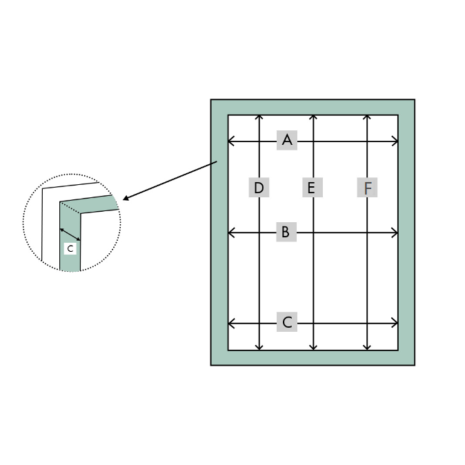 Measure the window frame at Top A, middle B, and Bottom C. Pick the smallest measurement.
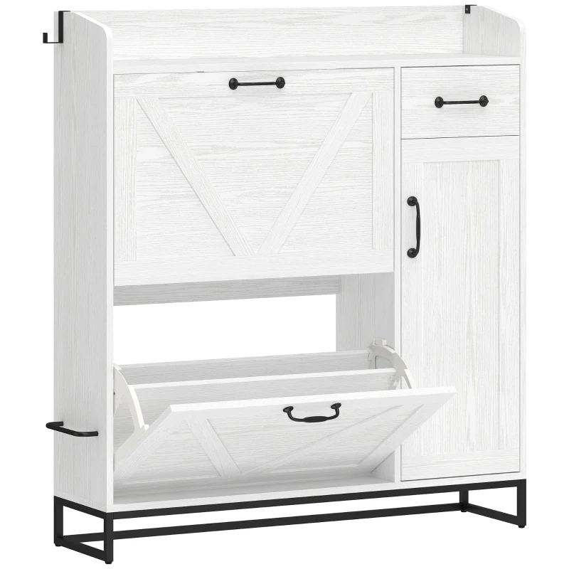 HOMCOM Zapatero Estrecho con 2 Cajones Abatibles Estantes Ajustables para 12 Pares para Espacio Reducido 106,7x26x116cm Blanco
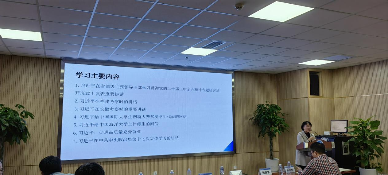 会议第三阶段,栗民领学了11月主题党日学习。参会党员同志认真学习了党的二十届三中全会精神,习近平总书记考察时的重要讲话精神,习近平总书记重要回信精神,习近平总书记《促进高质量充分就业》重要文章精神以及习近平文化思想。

• _ACTIVITY_
A verbatim rendering of the listing above is required, without any of its pictures.

• _ANSWER TO THE PROBLEM_
 Measure the window frame at Top A, middle B, and Bottom C. Pick the smallest measurement.
 HOMCOM Zapatero Estrecho con 2 Cajones Abatibles Estantes Ajustables para 12 Pares para Espacio Reducido 106,7x26x116cm Blanco
 会议第三阶段,栗民领学了11月主题党日学习。参会党员同志认真学习了党的二十届三中全会精神,习近平总书记考察时的重要讲话精神,习近平总书记重要回信精神,习近平总书记《促进高质量充分就业》重要文章精神以及习近平文化思想。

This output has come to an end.